Continued Progress Towards Understanding the Regulators of the Senescence-Associated Secretory Phenotype
Nearly 15 years have passed since the first compelling demonstration of rejuvenation produced by clearance of senescent cells in the tissues of aged mice. At that time the study of senescent cells was fairly slow and sedate, not a major area of research. How things change! At present a very energetic community of academic groups and biotech companies is mining the biochemistry of cellular senescence in search of better ways to selectively destroy these cells, ways to change their behavior to reduce their contribution to systemic inflammation and tissue dysfunction, and even ways to turn back the normally irreversible transition into the senescent state. There are incentives: any new discovery could be the starting point for development of a therapy that significantly slows or reverses aspects of aging.
The damage done by the growing burden of senescent cells found in aged tissues is thought to be near entirely caused by the senescence-associated secretory phenotype (SASP), the mix of pro-growth, pro-inflammatory signaling that is energetically produced by these cells. As the thinking goes, a way to eliminate the SASP could be as beneficial as clearing senescent cells from tissues. There are drawbacks to this approach, which is that the SASP is actually beneficial in the short term, helpful in wound healing and suppression of potentially cancerous cells. Periodic destruction of senescent cells would not interfere in their beneficial short-term behaviors, while chronic dosing to suppress the SASP would do so. Nonetheless, as today's open access paper illustrates, there is a growing interest in finding ways to reduce or even eliminate SASP signaling.

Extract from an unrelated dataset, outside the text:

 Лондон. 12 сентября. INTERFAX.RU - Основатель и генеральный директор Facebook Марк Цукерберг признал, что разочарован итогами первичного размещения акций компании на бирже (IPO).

The senescence-associated secretory phenotype (SASP) mediates the biological effects of senescent cells on the tissue microenvironment and contributes to ageing-associated disease progression. Acetate-dependent acetyl-CoA synthetase 2 (ACSS2) produces acetyl-CoA from acetate and epigenetically controls gene expression through histone acetylation under various circumstances. However, whether and how ACSS2 regulates cellular senescence remains unclear.
Here, we show that pharmacological inhibition and deletion of Acss2 in mice blunts SASP and abrogates the pro-tumorigenic and immune surveillance functions of senescent cells. Mechanistically, ACSS2 directly interacts with and promotes the acetylation of PAICS, a key enzyme for purine biosynthesis. The acetylation of PAICS promotes autophagy-mediated degradation of PAICS to limit purine metabolism and reduces deoxyribonucleotide triphosphate (dNTP) pools for DNA repair, exacerbating cytoplasmic chromatin fragment accumulation and SASP.
Altogether, our work links ACSS2-mediated local acetyl-CoA generation to purine metabolism through PAICS acetylation that dictates the functionality of SASP, and identifies ACSS2 as a potential senomorphic target to prevent senescence-associated diseases.